● **INFORMATION SHOWN**
+++
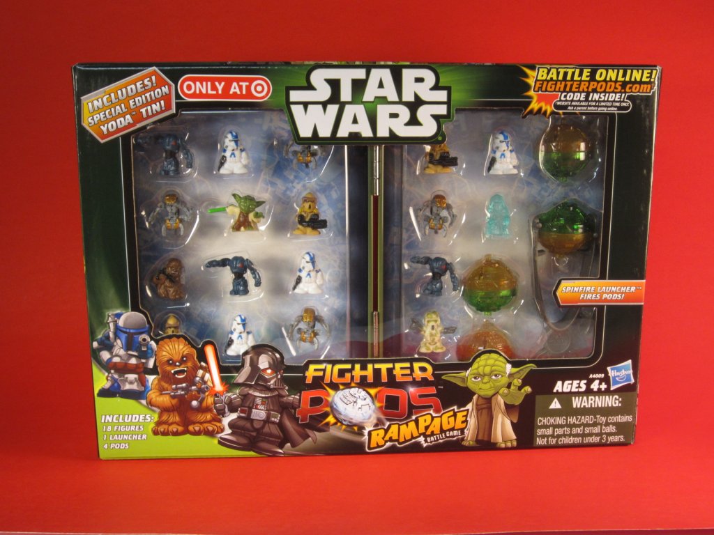 Here's a video review of a brand-new item that, 24 hours ago, I didn't even know was coming out. The Target Exclusive Special Edition Yoda Tin Star Wars Fighter Pods Set is in stores right now and features Yoda, Darth Sidious, and a ton of Clones and Battle Droids in this Kashyyyk-themed set. It's also the first new exclusive item to hit retail stores in quite some time. For $24.99, it includes 18 figures, 4 pods, a Spinfire Launcher, and a tin. And you can see me talk about these Revenge of the Sith-themed mini-figures after the jump.
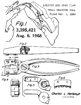 US Patent: 3,395,421 https://www.datamp.org/patents/displayPatent.php?id=85285&pn=3,395,421 Lobster and crab claw shell cracking tool Patentee: Charles L. Harless Jr. - San Angelo TX Granted:1968-08-06
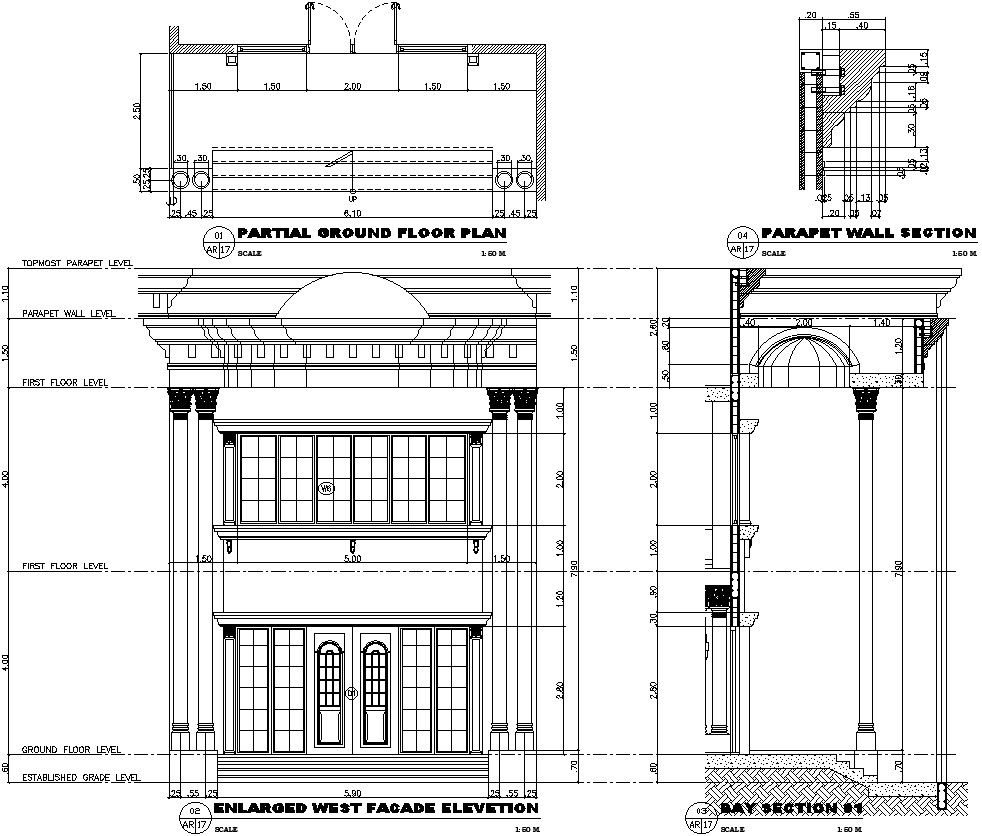 This architectural drawing is West facade elevation with partial ground floor plan and parapet wall section AutoCAD drawing. In this drawing there were wall detail section, door details, column details, different section details etc. are available with details. For more details and information download the drawing file.
+++
● **WHAT TO PRODUCE**
Return the whole listing, word for word, and leave out every picture.

● **SOLUTION FOR THIS TASK**
 Here's a video review of a brand-new item that, 24 hours ago, I didn't even know was coming out. The Target Exclusive Special Edition Yoda Tin Star Wars Fighter Pods Set is in stores right now and features Yoda, Darth Sidious, and a ton of Clones and Battle Droids in this Kashyyyk-themed set. It's also the first new exclusive item to hit retail stores in quite some time. For $24.99, it includes 18 figures, 4 pods, a Spinfire Launcher, and a tin. And you can see me talk about these Revenge of the Sith-themed mini-figures after the jump.
 US Patent: 3,395,421 https://www.datamp.org/patents/displayPatent.php?id=85285&pn=3,395,421 Lobster and crab claw shell cracking tool Patentee: Charles L. Harless Jr. - San Angelo TX Granted:1968-08-06
 This architectural drawing is West facade elevation with partial ground floor plan and parapet wall section AutoCAD drawing. In this drawing there were wall detail section, door details, column details, different section details etc. are available with details. For more details and information download the drawing file.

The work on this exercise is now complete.